We used geocoded addresses to assign community variables. Most addresses (88%) were geocoded to the street address; otherwise, we assigned the zip code centroid. We used the U.S. Census Bureau categorization of urbanized area (50,000 or more people), urban clusters (at least 2500 and less than 50,000 people), or rural areas (persons not in urbanized areas or urban clusters) [35]. We hypothesized that disseminated Lyme disease may be more likely in rural areas, due to higher systemic and individual barriers to health care in rural areas compared to urban areas [36].

Statistical analysis

We first used descriptive analyses to evaluate selected individual, community, and health care variables among Lyme disease cases classified by stage and by manifestation. We evaluated how these variables differed across classified and unclassified cases, and by data source (e.g., both diagnoses and free text, diagnoses only, or free text only). To identify risk factors for disseminated disease, we conducted a case-only analysis of disseminated stage compared to early stage Lyme disease cases. With multivariable Poisson regression models using generalized estimating equations (GEE) with robust standard errors, we estimated risk ratios (RR) [37] of factors associated with disseminated stage Lyme disease (vs. early stage) and with specific disseminated manifestations (arthritis, neurological manifestations, carditis, secondary erythema migrans, or unspecified “other disseminated” manifestations vs. early stage). All models specified robust standard errors clustered within community (township, borough, or city census tract). Initial models were adjusted for a priori potential confounding variables. Final models included age (< 10, 10 to < 20, 20 to < 30, 30 to < 50, 50 to < 70 [reference], and 70+ years), sex (female, male [reference]), race (non-white, white [reference]), use of Medical Assistance (0% [reference], > 0 to < 50%, and 50–100% of prior observation time), primary care contact (yes, no [reference]), setting of diagnosis (outpatient [reference], urgent care, emergency, inpatient), season of diagnosis (winter, spring, summer [reference], fall), and urban/rural status (urban, urban cluster, or rural area [reference]). In exploratory analyses, we evaluated whether sex, Medical Assistance, or season modified relations between setting of diagnosis and Lyme disease stage by including relevant cross-product terms in separate models, fully adjusted for all covariates. We conducted statistical analyses in Stata (MP, Version 14).

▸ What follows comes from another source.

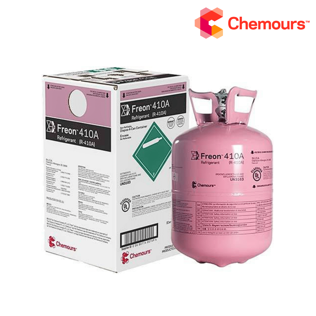 El refrigerante Freon™ 410A (R-410A) ofrece una mayor capacidad de enfriamiento y una presión significativamente mayor que el R-22 para su uso en sistemas diseñados específicamente para R-410A. Este refrigerante de hidrofluorocarbono (HFC) es compatible con aceites de poliolefina (POE) y reemplaza al R-22 en sistemas de aire acondicionado (AC) de desplazamiento positivo y de bomba de calor para uso residencial y comercial ligero.

To address potential outcome misclassification, we evaluated a model in which disseminated cases were required to have positive serology (IgG or IgM). We hypothesized that requiring a positive serology result would exclude false positive cases (e.g., due to coding errors or “rule-out” laboratory tests) but would also exclude some true cases (e.g., in which serology was conducted outside Geisinger or tested before antibodies were detectable).

Results

Lyme disease cases classified by stage and manifestation

We identified 7310 cases of Lyme disease between 2012 and 2016 that met inclusion criteria (Fig. 1). Using diagnoses and narrative free text, we classified 4530 cases (62%) as early or disseminated stage. Of the classified cases, 70% were classified as early stage disease. Of the 1,359 disseminated cases, Lyme arthritis was the most common manifestation (55%), followed by neurological manifestations (34%), carditis (6%), and secondary erythema migrans (7%). Diagnoses classified as disseminated stage that did not meet criteria for arthritis, neurological effects, carditis, or secondary erythema migrans were classified as “other disseminated” manifestations (6%). In a validation sample of 50 early and 50 disseminated cases, we found that the PPV of early stage disease was 92% (95% CI 81–98%) and the PPV of disseminated stage Lyme disease was 88% (95% CI 76–95%). Lyme disease cases were distributed across the study area in central and northeastern Pennsylvania (Fig. 2).

Fig. 2
figure 2

Spatial distribution of Lyme disease cases classified as early and disseminated stages of Lyme disease

Classified Lyme disease cases by source of staging information

Among all persons diagnosed with Lyme disease (n = 7310), 23% were classified using information in both diagnoses and text, 26% were classified using information in diagnoses only, 13% were classified using information in text only, and 38% were not classified. Overall, diagnoses were able to classify 49%, compared to 36% with free text. The percentage of diagnoses classified increased over the study period: persons classified by stage using diagnoses increased from 43 to 50% and cases classified by text increased from 21 to 55%.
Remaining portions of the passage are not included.